### Given entries ###

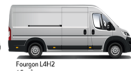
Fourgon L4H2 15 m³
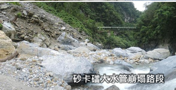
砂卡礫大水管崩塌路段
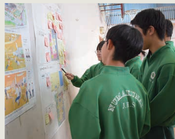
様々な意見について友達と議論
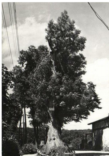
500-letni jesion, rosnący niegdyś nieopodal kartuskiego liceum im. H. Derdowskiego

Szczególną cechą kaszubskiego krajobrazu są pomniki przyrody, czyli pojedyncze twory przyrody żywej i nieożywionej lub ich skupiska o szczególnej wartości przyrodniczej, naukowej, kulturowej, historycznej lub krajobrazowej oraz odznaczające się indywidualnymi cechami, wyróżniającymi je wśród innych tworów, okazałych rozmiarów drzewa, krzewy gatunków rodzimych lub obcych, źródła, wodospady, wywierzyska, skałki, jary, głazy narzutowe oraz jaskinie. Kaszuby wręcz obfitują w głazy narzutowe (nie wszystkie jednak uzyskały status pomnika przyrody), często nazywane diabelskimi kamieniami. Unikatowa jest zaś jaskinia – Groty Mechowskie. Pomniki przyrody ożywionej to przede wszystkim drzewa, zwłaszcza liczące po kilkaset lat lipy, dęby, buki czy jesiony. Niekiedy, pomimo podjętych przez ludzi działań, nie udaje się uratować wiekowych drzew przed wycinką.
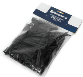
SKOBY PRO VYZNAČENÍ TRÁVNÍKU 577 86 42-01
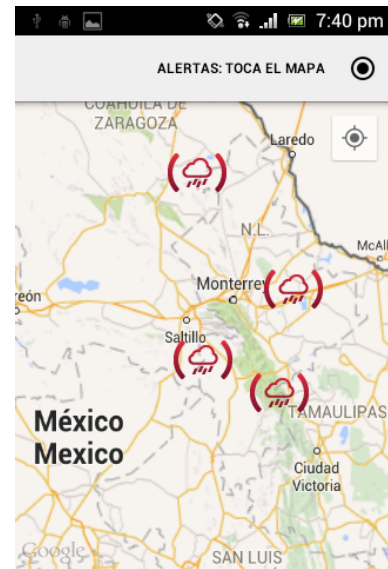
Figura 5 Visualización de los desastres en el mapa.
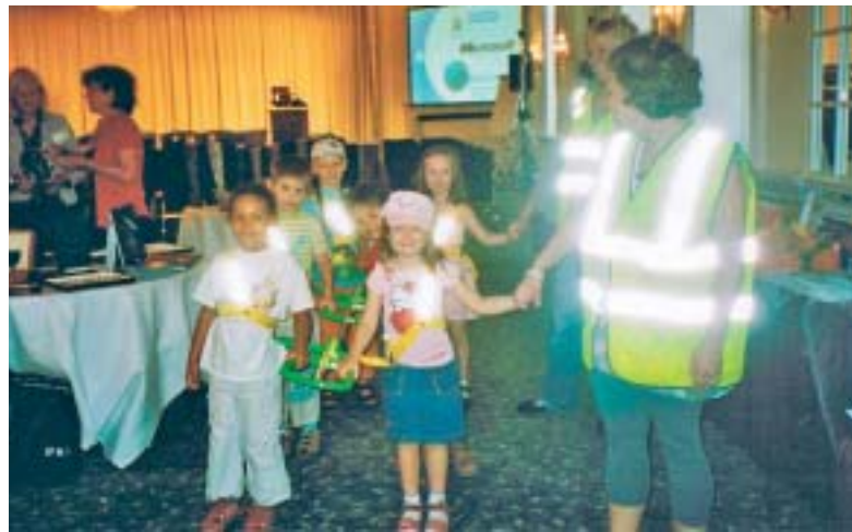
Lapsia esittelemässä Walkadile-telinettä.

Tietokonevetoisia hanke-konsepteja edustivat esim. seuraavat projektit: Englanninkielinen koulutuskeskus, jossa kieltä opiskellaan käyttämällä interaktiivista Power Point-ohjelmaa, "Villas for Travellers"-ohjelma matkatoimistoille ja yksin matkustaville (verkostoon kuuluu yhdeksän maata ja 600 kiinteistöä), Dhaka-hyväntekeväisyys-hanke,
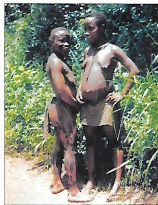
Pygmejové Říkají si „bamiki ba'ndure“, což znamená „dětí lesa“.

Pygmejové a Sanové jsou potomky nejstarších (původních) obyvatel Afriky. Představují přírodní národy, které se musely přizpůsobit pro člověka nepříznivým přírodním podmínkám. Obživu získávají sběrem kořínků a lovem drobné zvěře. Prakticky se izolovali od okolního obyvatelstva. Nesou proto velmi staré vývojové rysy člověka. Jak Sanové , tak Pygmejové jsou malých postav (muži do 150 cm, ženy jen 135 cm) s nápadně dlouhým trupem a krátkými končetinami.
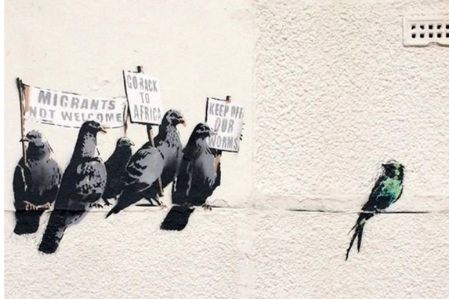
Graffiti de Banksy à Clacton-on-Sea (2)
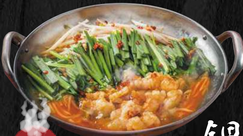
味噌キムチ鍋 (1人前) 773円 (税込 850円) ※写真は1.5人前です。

###

Find each line in the listing above that contains "Pygmejové", and copy that line.

Pygmejové Říkají si „bamiki ba'ndure“, což znamená „dětí lesa“.
Pygmejové a Sanové jsou potomky nejstarších (původních) obyvatel Afriky. Představují přírodní národy, které se musely přizpůsobit pro člověka nepříznivým přírodním podmínkám. Obživu získávají sběrem kořínků a lovem drobné zvěře. Prakticky se izolovali od okolního obyvatelstva. Nesou proto velmi staré vývojové rysy člověka. Jak Sanové , tak Pygmejové jsou malých postav (muži do 150 cm, ženy jen 135 cm) s nápadně dlouhým trupem a krátkými končetinami.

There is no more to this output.